Oman's new competition regulations come into force
The new Competition Protection and Monopoly Prevention Law (the Competition Law), which was published in December by Sultani Decree No. 67 of 2014, raises important compliance issues for companies doing business in Oman.
The law introduces a new merger control regime, as well as prohibiting restrictive agreements and abuse of market dominance. It also bans agreements or arrangements that are aimed at the monopolisation of markets.
Penalties
Distinct penalties have been outlined for non-compliance. For example, non-compliance with the bans on monopolisation, restrictive agreements and abuse of dominance can result in imprisonment for a term of between three months and three years, and a fine equal to the profit obtained from selling the products that are the subject of the violation. Alternatively, it can result in any one of those penalties in addition to a fine of 5-10% of total annual sales of the relevant products made by the infringing party in the previous fiscal year. Failure to comply with the obligations relating to merger notification can result in imprisonment of one month to three years, and a fine of OR10,000-100,000 ($25,900-259,000).
It is clear that the penalties under the law apply not only to businesses but also to individuals who manage the offending companies or legal entities, including the chairman, members of the board of directors, the chief executive officer, authorised managers or officers of the offending legal entity, where it can be shown that they were aware of the violation and that their failure to fulfil their duties contributed to the perpetration of the crime.
Enforcement & Application
The Public Authority for Consumer Protection is tasked with enforcing the law and breaches of the law are to be referred to the Public Prosecution. The law applies to all activities of production, trade, services and other economic activities, as well as the use of intellectual property rights that could have a damaging effect on competition. It applies to all sectors of the economy but not to public utilities wholly owned and managed by the state, or research and development activities.

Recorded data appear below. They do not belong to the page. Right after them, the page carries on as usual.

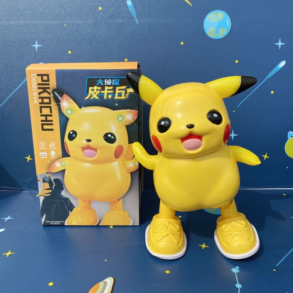 Shantou Lin Village Dancing Pikachu Children Boy Pikachu Xiao Xiao Elf Electric Light Concert Singing Toy Pikachu + Carriage Train Free Four Dolls_-Christmas and New Year Gifts Plus Charger + 3 Charges-Free Cartoon Stickers
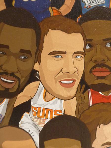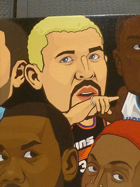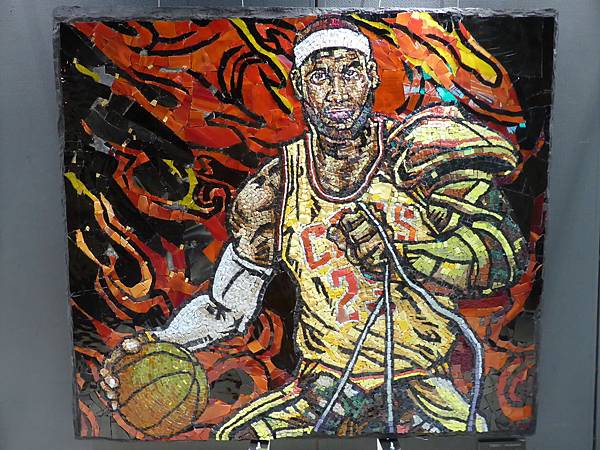Roger 和 Vince 同為《Conscious 意識》籃球藝術展的元老創辦人,他畢業於美術系油畫組,當他在紐約的麥迪遜花園廣場目睹第一場 NBA 球賽之後,決定要把球員結合美漫風格,繪製美術作品,也是 XXL 籃球雜誌的專欄畫家之一。 人很斯文,但作品有強烈的個人風格。雖然 4/9 北上台北在展覽沒看到本人,但 4/16 我跑去華山文創園區找他,了解馬賽克鑲嵌技法,替原本的文章補充內容。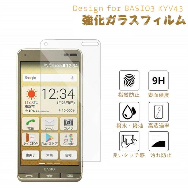 BASIO3 KYV43 ガラスフィルム basio3 au kyv43 フィルム BASIO ベイシオ 3 フィルム BASIO3フィルム ベイシオ3フィルム KYV43フィルム KYV43フィルム KYV43フィルム KYV43フィルム 2枚セット au BASIO3 KYV43 ガラスフィルム 強化ガラスフィルム 耐指紋 撥油性 硬度9H 強化 ガラス 飛散防止処理 高透過率 光沢表面仕様 画面保護 指紋防止 保護シート KYV43 用液晶保護フィルム KYV43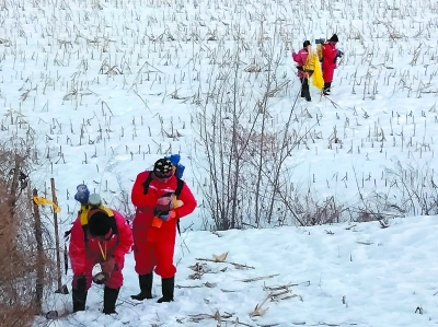 | 积雪太厚,测量员手持工具艰难行走在雪原上。 |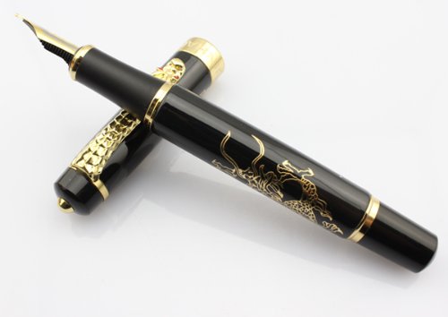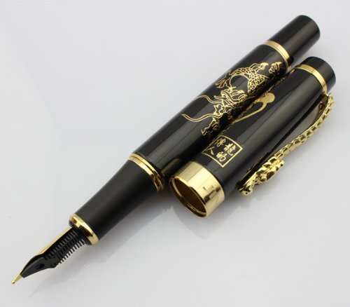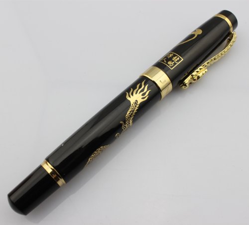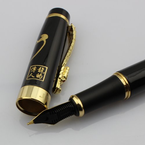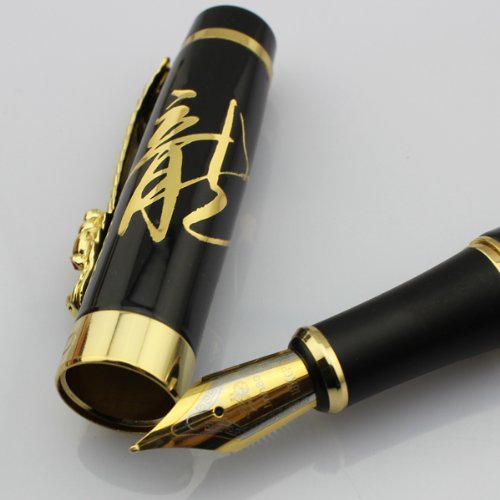 Jinhao Fountain Pen Descendants of the Dragon / Loong Black with Golden Dragon pattern & Chinese Characters
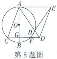 8.($2025·$重庆)如图,$AB$是$\odot O$的直径,点$C$在$\odot O$上,连接$AC$. 以$AC$为边作菱形$ACDE$,$CD$交$\odot O$于点$F$,$AB\perp CD$,垂足为$G$. 连接$AD$,交$\odot O$于点$H$,连接$EH$. 若$AG = 12$,$GF = 5$,则$DF$的长度为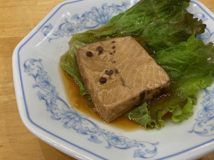 追加で、前々から気になっていいたカジキマグロのチャーシューも頼んでみた。どんなチャーシューになるのかとおもていたが、普通に醤油煮にした魚ではないか。黒い粒々は胡椒だが、あまり胡椒感はない。何というべきか言葉に迷うが、缶詰のカツオ醤油煮みたいなものだろうか。フレークになっていないから「煮カジキ」と言われた方がピンとくる。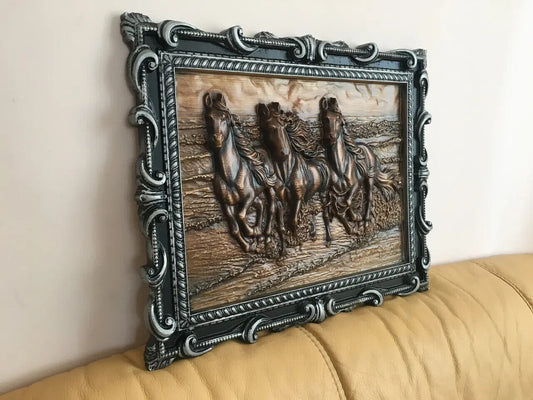 22" Horses Large Wood Carving Picture 3D Art Work Handmad Gift Panno Wall Decor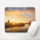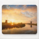 Photo mousepad with a vibrant sunrise over a row of windmills and reflection in the water of the river on a beautiful morning in a countryside landscape in Kinderdijk in the Netherlands.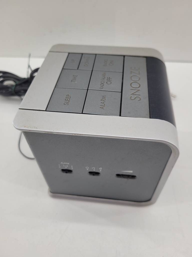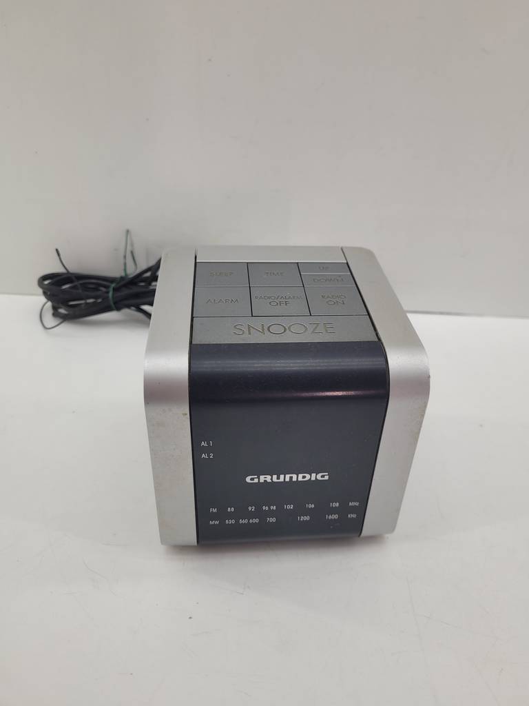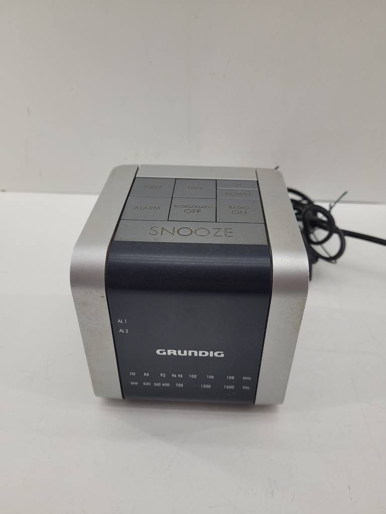 Radio despertador de la reconocida marca de electrodomésticos Grundig de color gris. Se trata de una radio despertador que cuenta con varios botones para programarla, encenderla y apagarla. Es una radio ideal para tenerla encima de una mesita en un dormitorio individual o de matrimonio. Como se puede observar en las fotografías se encuentra en buenas condiciones.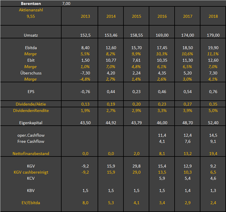Vakant ist natürlich letztlich der Umsatz. Da rechne ich mit 3% Anstieg pro Jahr. Aber selbst wenn das nicht eintritt und der Umsatz bis 2018 nur stagnieren würde, wäre man aufgrund der Zinseinsparungen aus meiner Sicht ein Kauf. Die operativen Gewinne und Cashflows sollten für 2017/18 Dividendenrenditen von 4-5% zulassen. Falls der Vorstand nicht anorganisch wächst, wäre sogar irgendwann mal eine Sonderdividende denkbar. Das geringe EV/Ebitda von 2,4 für 2018 (meine Schätzung bei wie gesagt 3% Umsatzwachstum) ist für die Dividendenhöhe immer ein ganz guter Indikator.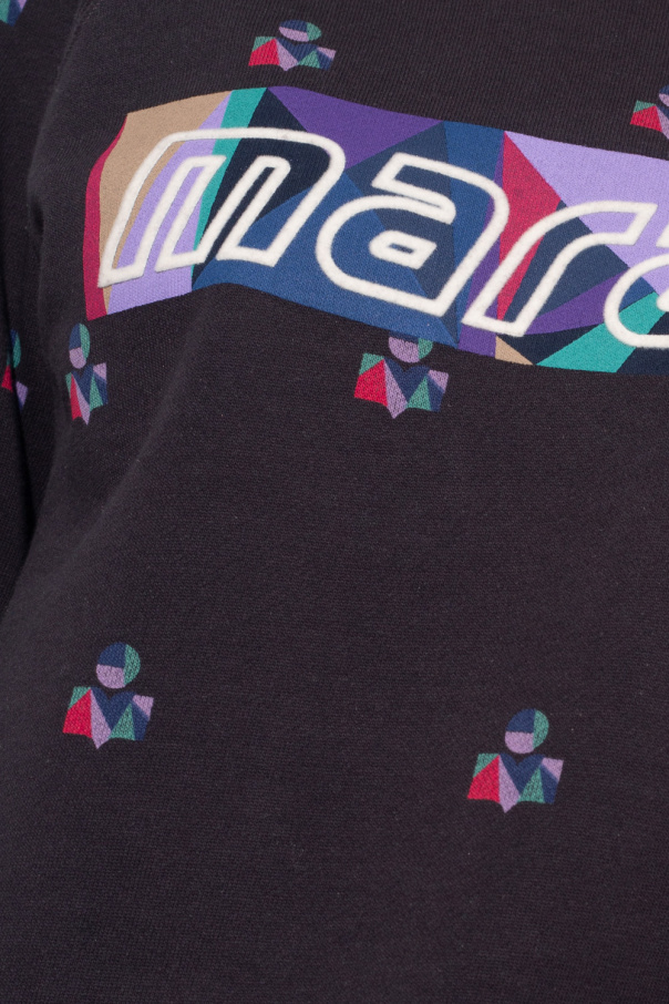 Navy and purple ‘Milly’ sweatshirt from Isabel Marant Étoile. Made of cotton, this garment features a multicolored printed logo pattern and ribbed trims at the crew neck, hem and cuffs.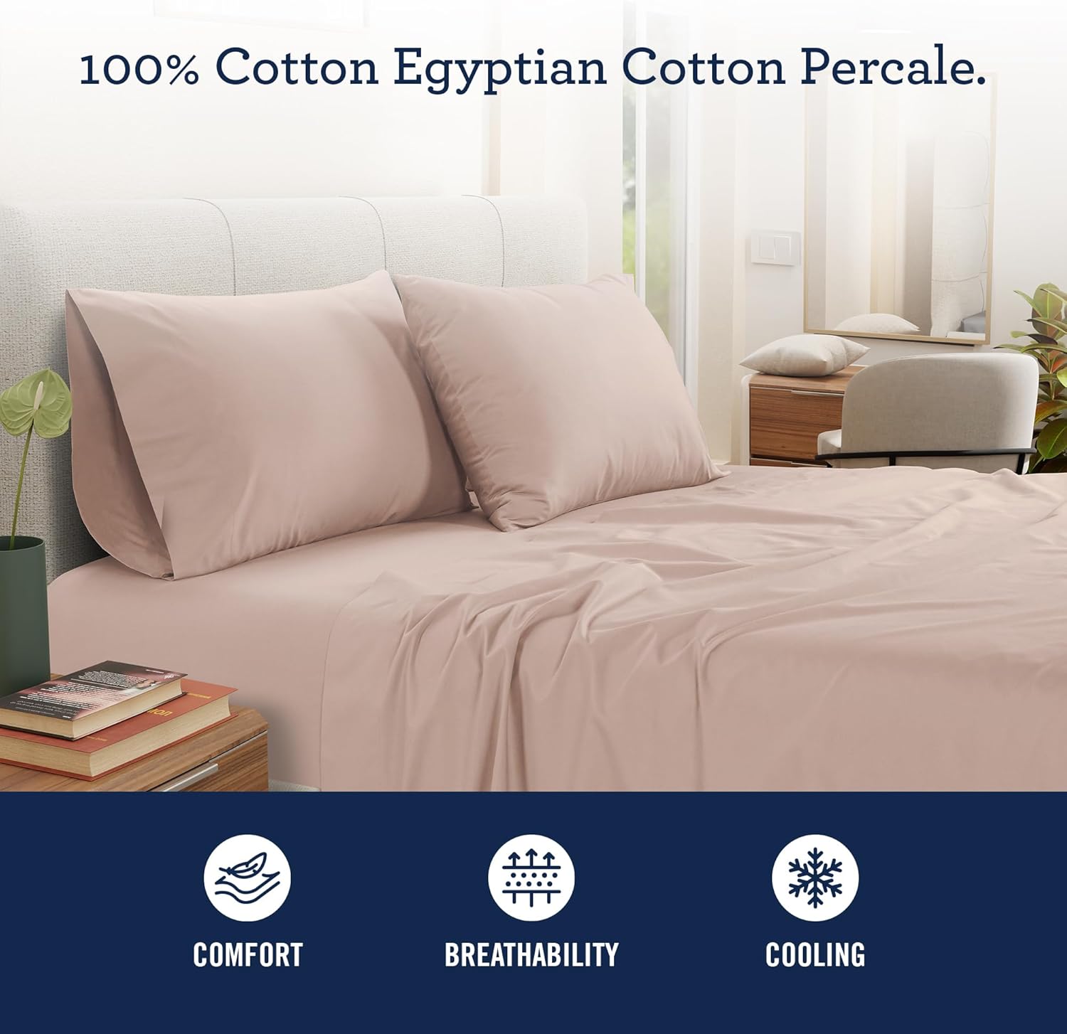 IZOD 100% Egyptian Cotton Sheets Set Twin Size, Cotton Percale Crisp Sheet Set 3Pc, Lightweight & Deep Pocket fits Upto 17", Long-Staple Soft Combed, Hotel Style Luxury Bedding Sheet - Blush Rose

The law prohibits a wide range of activities, including fixing prices, discounts, conditions of sale or purchase or provision of services, limiting output or supply to the market, flooding the market with large quantities of products leading to unrealistic prices, and market sharing on the basis of geography, customers or time, among others.
This could potentially capture a wide range of activities and agreements. Not only does it mean that companies must on no account engage in obviously infringing activities, such as cartel arrangements or bid-rigging, but it also means that commercial agreements will have to be carefully reviewed for compliance.
Market Dominance
Businesses with a position of dominance in the market must not engage in any practices that would undermine, curtail or prevent competition. Dominance is defined as the ability of a person, or group of persons together, to directly or indirectly control or influence the market, and includes the acquisition of more than 35% of the market volume.
The prohibited practices include predatory pricing, constraining supply to increase prices of a product, imposing restrictions on the sale or purchase process or on dealing with others which weakens their competitive provision compared to competitors, and refusing to deal without justification in order to restrict entry to the market or exclude others from the market, among others.